Montreal District was a colonial district in New France and British North America with its capital in Montreal. A descendant of the district exists today as the judicial district of Montreal. Western parts transferred to Upper Canada, later as Canada West, and are now in Ontario, whereas the northeast parts became Labrador and are now within Newfoundland and Labrador.

==History==
The district was created as a district of Canada, New France.

When the British conquered Canada in 1760, the district of Montreal remained the same as that under the former French regime (see Pays d'en Haut). Under British administration, it was one of three division of the former Province of Quebec from 1763 to 1791. Reapportioned in 1763, it included much of modern-day Quebec, Labrador and most of southern Ontario. The meetings of the District were called the Court of Quarter Sessions of the Peace.

In 1788 western sections Montreal District became:
- Nassau District - after 1792 as Home District
- Hesse District - after 1792 as Western District
- Mecklenburg District - after 1792 as Midland District
- Lunenburg District - after 1792 as Eastern District
These four were then organized as the Province of Upper Canada in 1791 and all dissolved in 1849 when they were replaced with counties.

In 1791 Montreal District was dissolved into 27 new districts in the new province of Lower Canada.
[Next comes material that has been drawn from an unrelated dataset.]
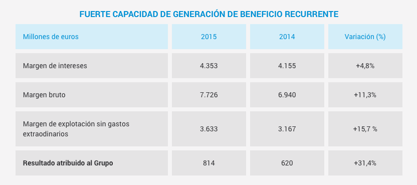 Al crecimiento del margen de intereses se une el buen comportamiento de las comisiones, debido en gran parte a la mayor aportación de los productos de fuera de balance (seguros de ahorro, fondos de inversión y planes de pensiones), que contribuye al incremento del margen bruto (+11,3 % respecto al 2014).
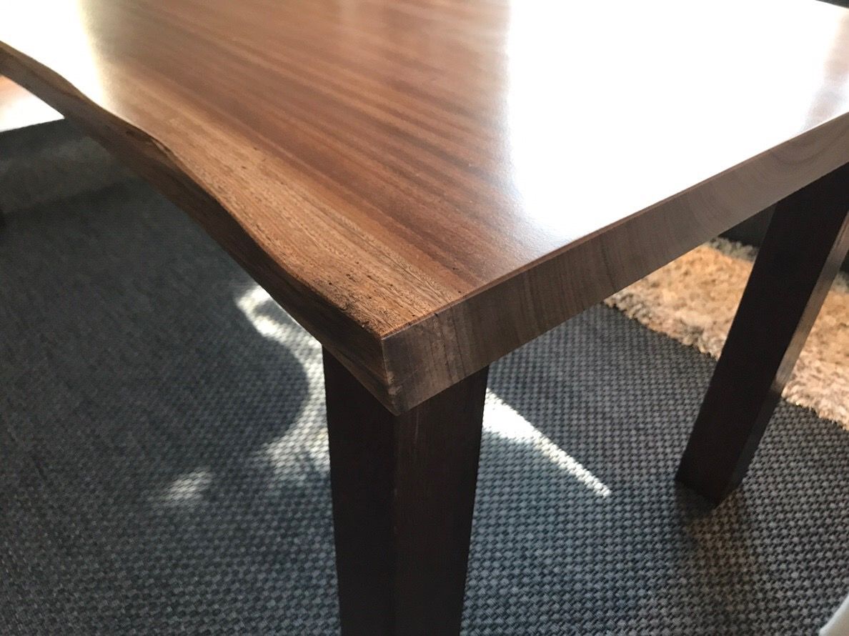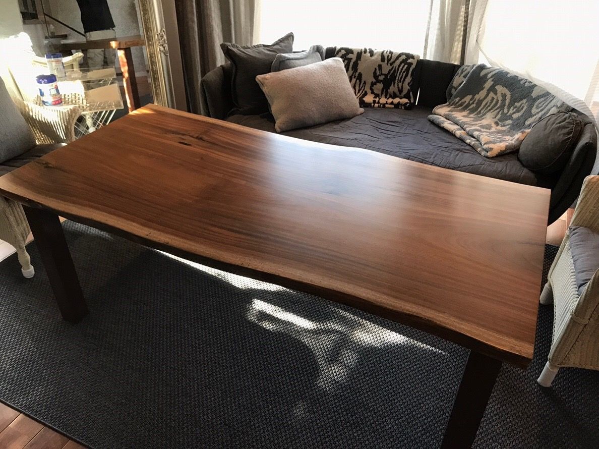 無垢一枚板の貫禄はそのままに、ハーフマットの上質な光沢が美しい上品なテーブルとなりました。

Labrador was part of British Quebec after 1774 and part of Lower Canada until 1809 to become part of the Newfoundland Colony in name but not until a border dispute was settled in 1927.

==Other districts==
Besides Montreal, the British Province of Quebec had two other districts:

- Quebec District - reapportioned in 1763 and covered areas outside of Montreal, the district previously existed under the French regime into British rule. This included most of Labrador, Gaspe Peninsula and Anticosti Island, but not District of Ungava (created officially in 1895 but had existed prior as part of Rupert's Land 1670-1875).
- Trois-Rivières District - recreated in 1790 from Quebec District, a prior district under the French regime existed into British rule.